The Integration-Fragmentation Paradox
The most frequently studied initiatives to improve community-based services for people with serious mental illness are based on small, integrated, interdisciplinary treatment teams. Endowed with unique resources and staff with specialized skills, programs such as assertive community treatment, supported employment, supported housing, and collaborative treatment of depression are based on the premise that integrated service teams can provide more continuous, more intensive, more collaborative, and ultimately, more effective care.
In this issue, Mark S. Bauer, M.D., and his colleagues report that an extension of this strategy to the treatment of bipolar disorder improved some outcomes, at no increase in total costs. As with other integrated care models, the benefits are modest and do not extend to all major outcome domains but are nevertheless encouraging. Two other articles in this issue—both from the PRISM-E study of outcomes among elderly persons—also report on integrated care models.
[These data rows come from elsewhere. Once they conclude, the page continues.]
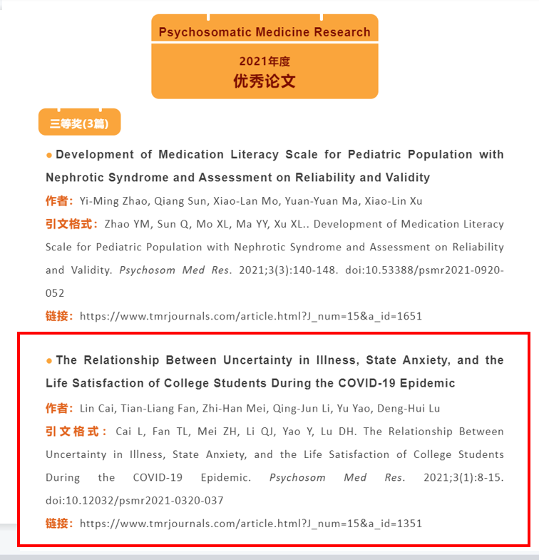 为表彰优秀作者及审稿人,鼓励高质量论文的发表,弘扬扎实严谨的学术风气,进一步提升期刊的办刊质量和学术水平。心身医学研究期刊编辑部启动了2021年度优秀论文及审稿人评选工作。本次评选以《Psychosomatic Medicine Research》杂志2021年度发表的论文为对象,进行初评、复评和终评,共评选出6篇优秀论文。我校蔡林副教授团队发表论文《The Relationship Between Uncertainty in Illness, State Anxiety, and the Life Satisfaction of College Students During the COVID-19 Epidemic》荣获《Psychosomatic Medicine Research》杂志2021年度优秀论文三等奖。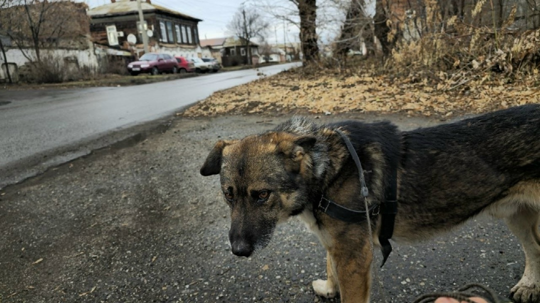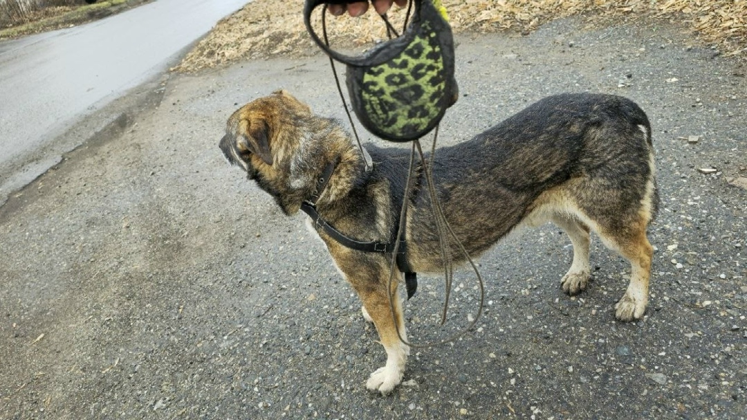 Найдена собака в шлейке и поводком рулеткой. Зацепился поводком за корягу и бежал с ней по проезжей части, рискуя угодить под машину.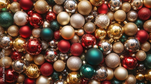 A background completely filled with sparkling Christmas tree ornaments, packed closely together to create a festive, shiny surface.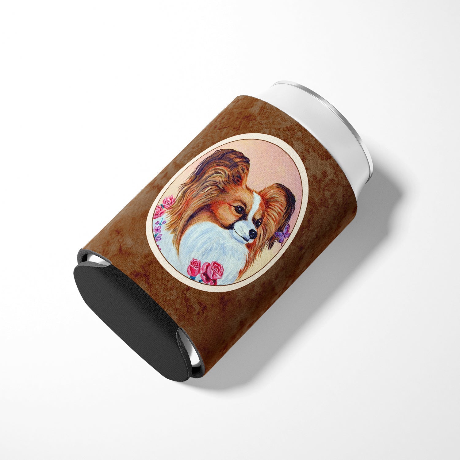 Decorate your space with our Papillon artwork on a Hugger. Introducing our Can or Bottle Hugger, a must-have accessory for your beverage enjoyment. Designed to perfectly fit any standard 12-ounce can, this can cooler is the ideal companion to keep your soda, beer, or any drink of your choice at the perfect temperature. Our can hugger is not just functional, it's a work of art. Featuring full-color artwork that's permanently dyed into the foam, this hugger promises a design that's fade-resistant and made to last, making your beverage stand out in style. The design isn't silk-screened, which ensures the vibrancy of the colors, offering you a long-lasting, appealing aesthetic. What sets our can hugger apart is its high-quality foam fabric, which is not only durable but also machine washable for easy maintenance. Whether you call it a huggie, can coolie, can cozie, or beer holder, this drink sleeve brings style and function together. Proudly designed, printed, and sewn in the USA, our Can or Bottle Hugger is an ideal addition to your beverage experience. Match it with one of our insulated coolers for a complete gift set, adding flair and convenience to your drink enjoyment.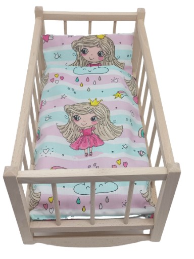 - DREWNIANA KOŁYSKA Z KOMPLETEM POŚCIELI (3 elementy)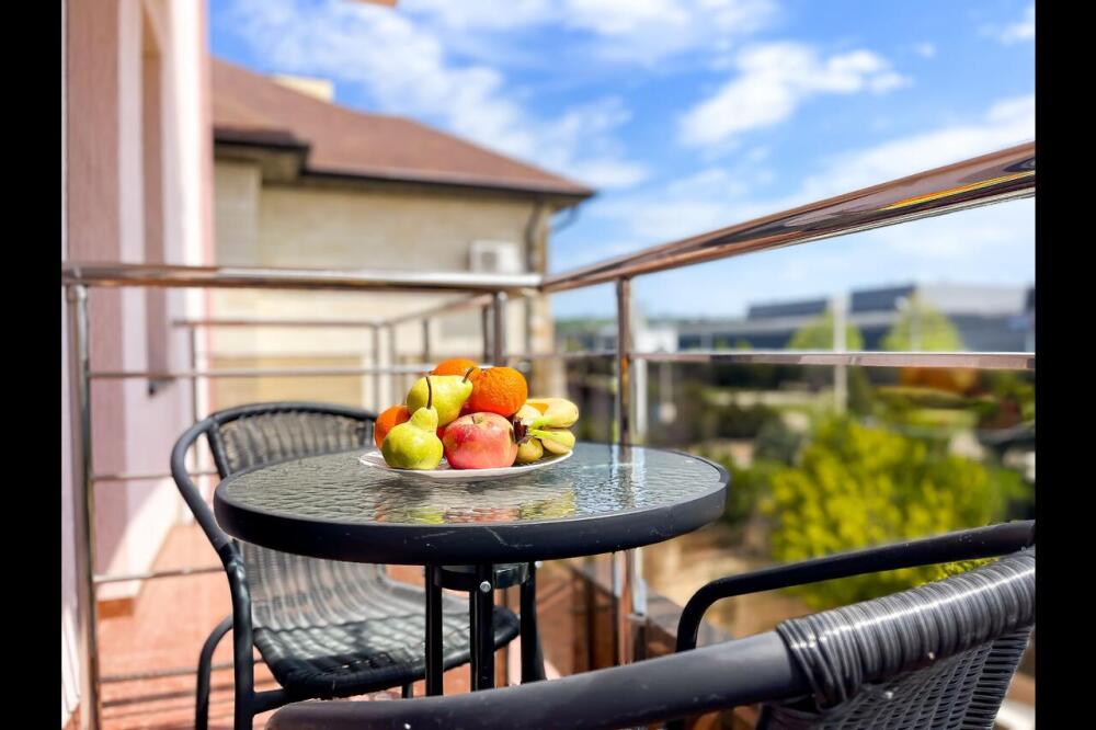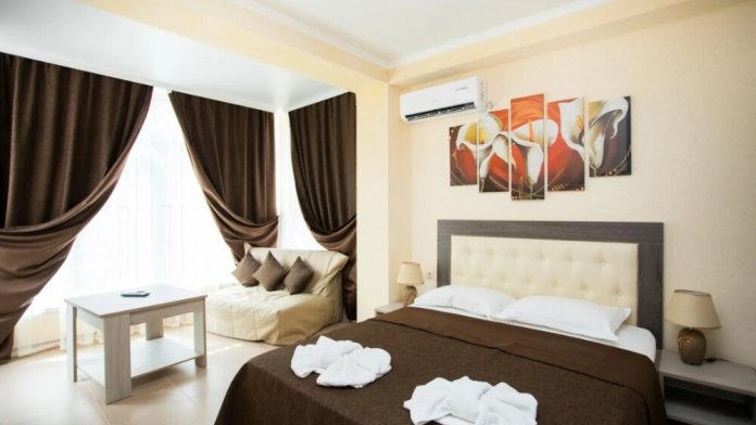 Двуспальная кровать, односпальная кровать, дополнительное место еврораскладушка или детская кроватка бесплатно, душ, туалет, ТВ, холодильник, кондиционер, балкон.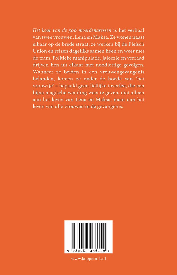 Het koor van de 300 moordenaressen is het verhaal van twee vrouwen, Lena en Maksa. Ze wonen naast elkaar op de brede straat, ze werken bij de Fleisch Union en reizen dagelijks samen heen en weer met de tram. Politieke manipulatie, jaloezie en verraad drijven hen uit elkaar met noodlottige gevolgen. Wanneer ze beiden in een vrouwengevangenis belanden, komen ze onder de hoede van ‘het vrouwtje’ – bepaald geen lieflijke toverfee, die een bijna magische wending weet te geven, niet alleen aan het leven van Lena en Maksa, maar aan het leven van alle vrouwen in de gevangenis.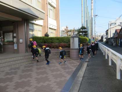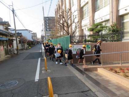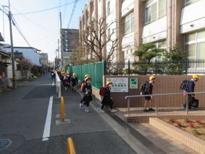 新班長を先頭に、少し早めに集団登校をしてきました。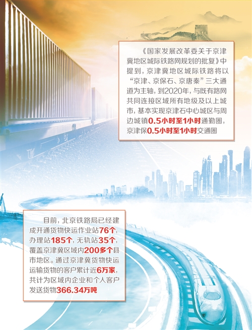 近年來,北京鐵路局先后開行了京津冀貨物快運列車、特快、快速和電商班列,打造了一批現代物流基地,提升改造了一批集裝化設施,為區(qū)域經濟發(fā)展提供了強大運力支撐和物流保障。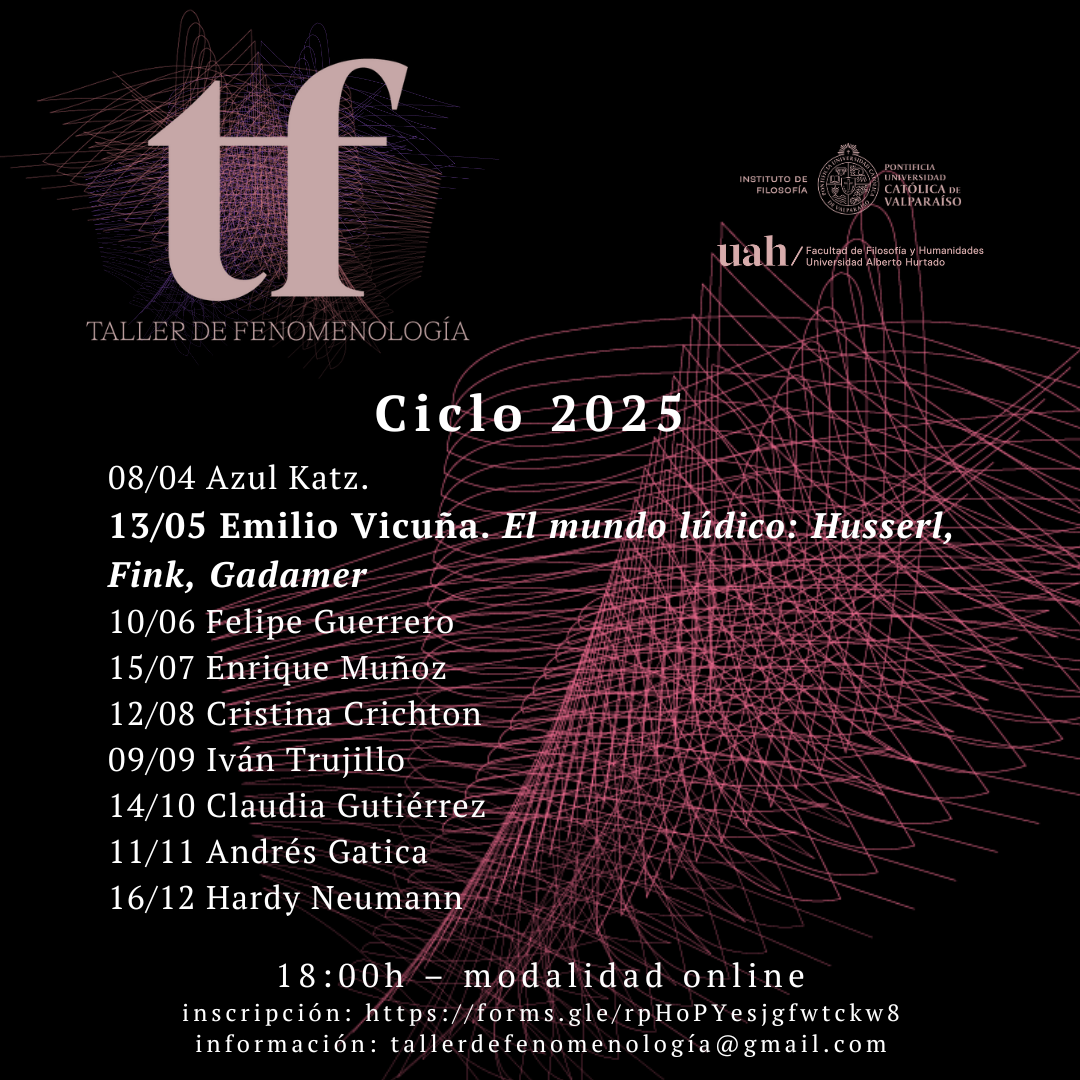 La segunda sesión del Taller de Fenomenología tendrá lugar el martes 13 de mayo a las 18:00 hrs (GMT-3). En esta ocasión tendremos al profesor Dr. Emilio Vicuña, académico de la UC, con una exposición titulada "El mundo lúdico: Husserl, Fink, Gadamer".

Coordinated care models seem to many to be less widely implemented than the evidence base would suggest. Three commonly cited explanations are general resistance to change, the promise of benefits of only moderate magnitude, and high start-up costs. Less attention has been focused on a concern of health system administrators that although, from one perspective, specialized programs may provide more integrated care, from another perspective, they tend to act in relative isolation from larger clinical systems and thus may increase fragmentation.
A paradox of health administration is that "integrated" programs specializing in the treatment of one subgroup of clients not infrequently become proverbial chimneys, silos, or smokestacks walled off from broader health systems. The overall system may thus become more, not less, fragmented and less, not more, capable of addressing clinical complexities. Many clients do not fit into the specialized niches targeted by small integrated teams, and although some colleagues appreciate the effectiveness of "evidence-based" service teams, others find that specialized programs with low caseloads absorb undue resources and are inclined to erect barriers to referral. This phenomenon is not new. The internecine struggles between addictions specialists and general psychiatrists, between surgeons and internists, and even between doctors and lawyers all attest to the thickening of boundaries in response to the development of specialized knowledge.
This paradox deserves further discussion. It may be best addressed through the use of credible performance data pertinent to the specific systems in which new initiatives are implemented. Such data may allow administrators to determine whether or not the benefits of specialized teams justify the concomitant loss in system unity.